Let the output be exactly the lines from the one containing "社交ダンス 衣装 ジャンティ" through the end of the records below, both included.

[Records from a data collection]
= = = = = = =

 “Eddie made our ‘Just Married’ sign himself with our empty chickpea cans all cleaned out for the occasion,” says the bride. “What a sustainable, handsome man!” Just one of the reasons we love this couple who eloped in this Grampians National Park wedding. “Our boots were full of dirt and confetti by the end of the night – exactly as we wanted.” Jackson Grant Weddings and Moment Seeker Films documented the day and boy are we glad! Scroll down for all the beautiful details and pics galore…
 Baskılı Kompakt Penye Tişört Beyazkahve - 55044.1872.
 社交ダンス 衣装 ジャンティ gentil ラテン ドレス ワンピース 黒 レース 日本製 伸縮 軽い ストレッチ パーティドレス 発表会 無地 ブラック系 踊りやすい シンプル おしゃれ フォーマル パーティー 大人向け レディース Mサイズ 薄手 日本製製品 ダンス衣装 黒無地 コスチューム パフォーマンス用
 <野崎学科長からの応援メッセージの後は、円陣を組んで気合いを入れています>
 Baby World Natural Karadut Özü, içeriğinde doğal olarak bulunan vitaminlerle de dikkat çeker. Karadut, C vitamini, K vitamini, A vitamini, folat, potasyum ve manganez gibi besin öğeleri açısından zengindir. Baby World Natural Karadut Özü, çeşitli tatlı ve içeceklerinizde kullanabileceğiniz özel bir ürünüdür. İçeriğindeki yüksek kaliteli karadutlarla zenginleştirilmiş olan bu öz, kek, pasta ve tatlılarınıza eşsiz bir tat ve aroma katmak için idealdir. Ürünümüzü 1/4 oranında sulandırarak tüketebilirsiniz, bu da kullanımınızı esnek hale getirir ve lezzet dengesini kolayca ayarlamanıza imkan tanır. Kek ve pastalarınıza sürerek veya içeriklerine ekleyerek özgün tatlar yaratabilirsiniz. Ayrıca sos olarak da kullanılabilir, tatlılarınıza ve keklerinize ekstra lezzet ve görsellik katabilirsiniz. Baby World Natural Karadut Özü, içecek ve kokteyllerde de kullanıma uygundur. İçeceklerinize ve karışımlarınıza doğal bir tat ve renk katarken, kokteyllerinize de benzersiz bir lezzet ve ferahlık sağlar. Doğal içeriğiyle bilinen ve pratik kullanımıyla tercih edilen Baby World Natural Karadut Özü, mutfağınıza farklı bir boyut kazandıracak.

= = = = = = =

*Written response:*
 社交ダンス 衣装 ジャンティ gentil ラテン ドレス ワンピース 黒 レース 日本製 伸縮 軽い ストレッチ パーティドレス 発表会 無地 ブラック系 踊りやすい シンプル おしゃれ フォーマル パーティー 大人向け レディース Mサイズ 薄手 日本製製品 ダンス衣装 黒無地 コスチューム パフォーマンス用
 <野崎学科長からの応援メッセージの後は、円陣を組んで気合いを入れています>
 Baby World Natural Karadut Özü, içeriğinde doğal olarak bulunan vitaminlerle de dikkat çeker. Karadut, C vitamini, K vitamini, A vitamini, folat, potasyum ve manganez gibi besin öğeleri açısından zengindir. Baby World Natural Karadut Özü, çeşitli tatlı ve içeceklerinizde kullanabileceğiniz özel bir ürünüdür. İçeriğindeki yüksek kaliteli karadutlarla zenginleştirilmiş olan bu öz, kek, pasta ve tatlılarınıza eşsiz bir tat ve aroma katmak için idealdir. Ürünümüzü 1/4 oranında sulandırarak tüketebilirsiniz, bu da kullanımınızı esnek hale getirir ve lezzet dengesini kolayca ayarlamanıza imkan tanır. Kek ve pastalarınıza sürerek veya içeriklerine ekleyerek özgün tatlar yaratabilirsiniz. Ayrıca sos olarak da kullanılabilir, tatlılarınıza ve keklerinize ekstra lezzet ve görsellik katabilirsiniz. Baby World Natural Karadut Özü, içecek ve kokteyllerde de kullanıma uygundur. İçeceklerinize ve karışımlarınıza doğal bir tat ve renk katarken, kokteyllerinize de benzersiz bir lezzet ve ferahlık sağlar. Doğal içeriğiyle bilinen ve pratik kullanımıyla tercih edilen Baby World Natural Karadut Özü, mutfağınıza farklı bir boyut kazandıracak.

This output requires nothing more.